From then on - despite occasional successes such as his film The Rebel - it was a slow and increasingly excruciating professional suicide. His consumption of alcohol while on the job, which had begun when he was playing in variety theatres, began to destroy his talent: he could no longer remember lines and, most poignantly, that uniquely expressive mug became as rigid as Mount Rushmore. In life, he and his wives and mistresses plunged headlong into a sea of booze; at one point he chained himself to the railings of Primrose Hill. Often things turned violent. One wife happened to be a judo expert, so he rarely inflicted any damage on her; the other protected herself by serially (and with diminishing impact) attempting to kill herself.
In Australia to shoot a TV series, he gave a dazzling read-through of the first episode, then retired to his dressing room to tank himself up on vodka and pills, and after that "he didn't know who or what he was". Finally, he did sober up, but one day he went down to get something from his neighbour, only to find him out. That sudden reminder of his aloneness was enough, it seems, to have tipped him over the edge. "Things seem to have gone wrong just too many times," he wrote, and then administered a lethal dose of the vodka and pills that had been his constant companions for so many years.

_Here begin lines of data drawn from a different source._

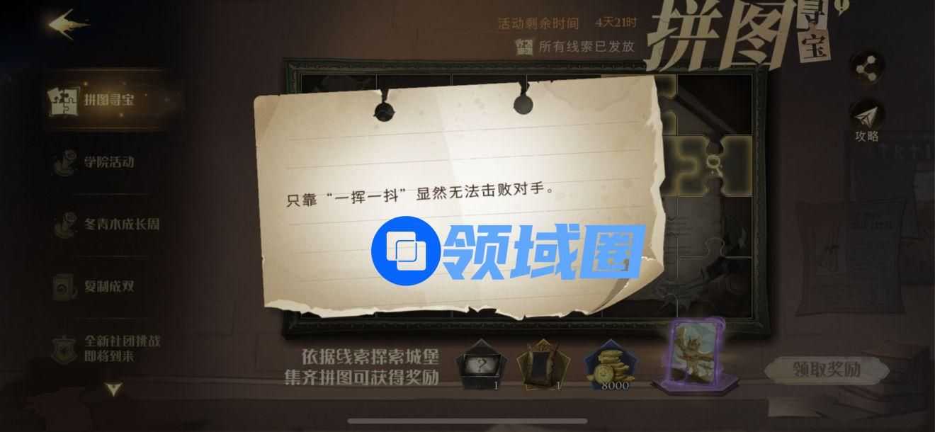 碎片线索是一挥一抖”显然无法击败对手。这个线索是需要我们到魔咒课教室寻找就可以了
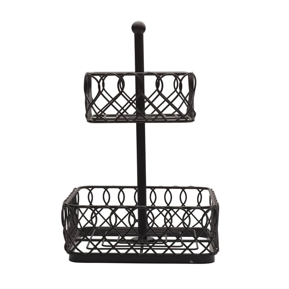 From the Gourmet Basics by Mikasa Collection, this Juliette 2 Tier Storage Basket can hold multiple items while taking up minimal counter or table space. Air flows through the open-wire design allowing fruits to ripen evenly, and the classic black finish will compliment any decor.
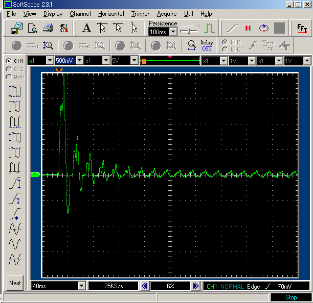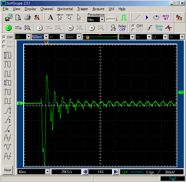 まず、負荷であるウーファーアンプに流れる電流を測定します。定常的にはデジタルテスターで計って、200mAくらいだと分かっていますが、電源投入時には当然、電源コンデンサなどへの突入電流が流れているはずです。これは波形で見るしかありません。こうしたときに活躍するのが例のデジタルオシロです。 ウーファーアンプと直列に2~3Ω程度の抵抗を入れて、その両端の電圧波形を観測します。
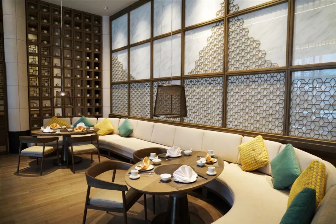 大堂吧“醇”提供各式点心和饮品,是适合商务和娱乐的理想会面场所。在设计上,大堂吧侧重使用氛围照明的方式,如墙面几何装饰照明、桌面氛围灯等方式,以塑造大堂吧轻松有格调的环境。
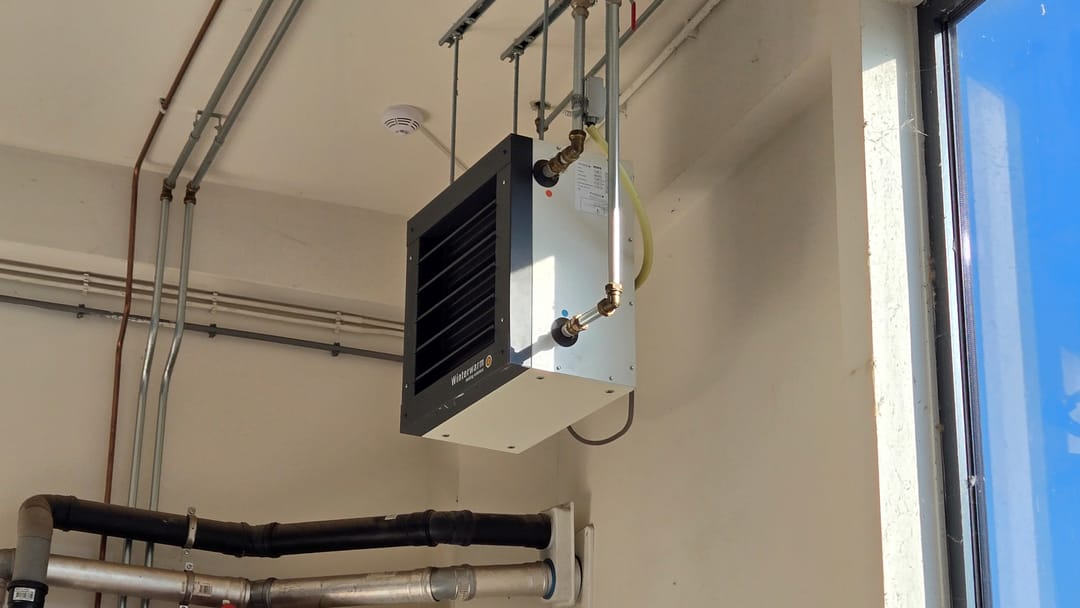 Verwarming: CV-installatie met radiatoren (kantoor) en gasheater (bedrijfsruimte)
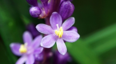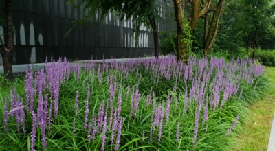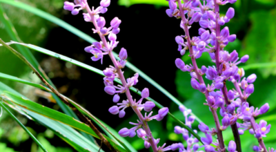 맥문동은 짧고 굵은 뿌리에서 잎이 무리 지어 자라며, 잎은 약 20~50CM 정도 자랍니다. 잎의 색은 짙은 녹색을 띠고 잔디 잎처럼 생겼습니다. 여름이 되면 맥문동의 보라색 꽃이 길쭉하게 자라납니돼요. 그리고 가을에는 동그란 열매가 점점 검게 익어가는 모습을 볼 수 있습니다.
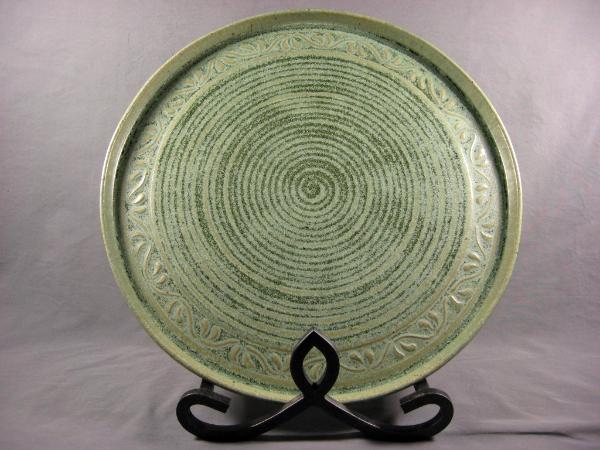 Brownstone stoneware platter with hand-carved roller stamp design.
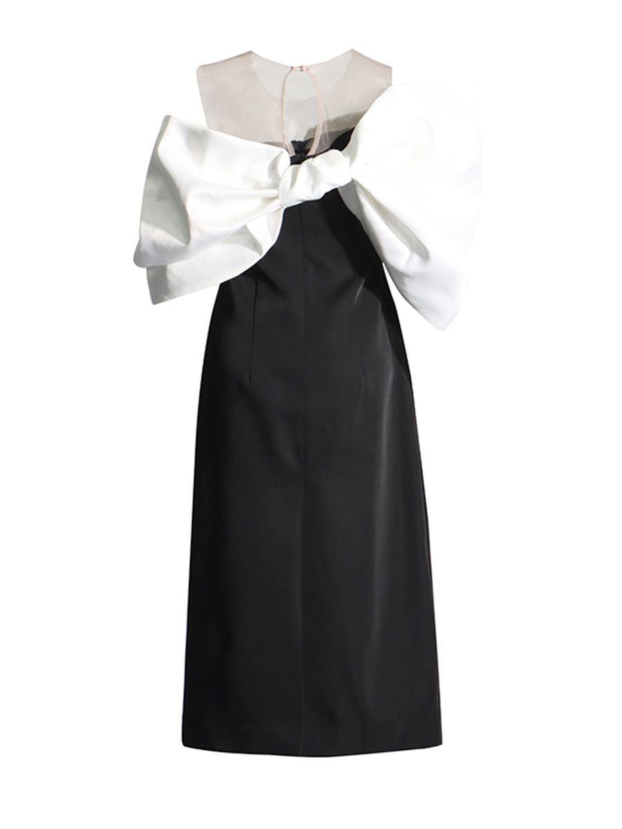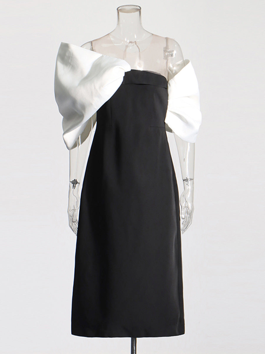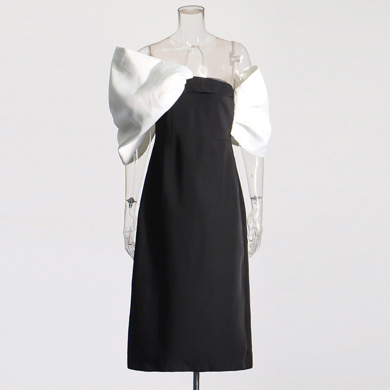 Temperament Sexy Wind 2025 Summer New Shoulder-Free Belt Irregular Shoulder Sleeves Butter Bow Butt Dress Woman

The roots of this epic loneliness are hard to deduce from Fisher's pages. In them you will find a brilliant and much-needed account of Hancock's extensive theatre work and its originality, a celebration of the audacity of the television work, with its formal originality and its constantly Pirandellian playing with the frame, and a kind of voyage round the comedian's mind and the nature of his comic enterprise. But he fails to probe his crucial relationships, especially with his mother, Lily, to whom he was immensely close. She supported him financially in his early years in the business; she was the go-between when his marriages broke down; she was the last person in his mind when he killed himself. A year before, when she had come to stay with him, he had walked into her bedroom to tell her that he had just drunk a bottle of brandy in five minutes, and passed out. What was that all about? Fisher lets slip the astonishing fact that, two weeks after her son finally did for himself, Lily took a pleasure cruise to Turkey. There's something horribly complex in that relationship which remains for future Hancock biographers to probe. Meanwhile, Fisher has written an indispensable book about the man he rightly calls "the most expansively idiosyncratic of recent British comic heroes".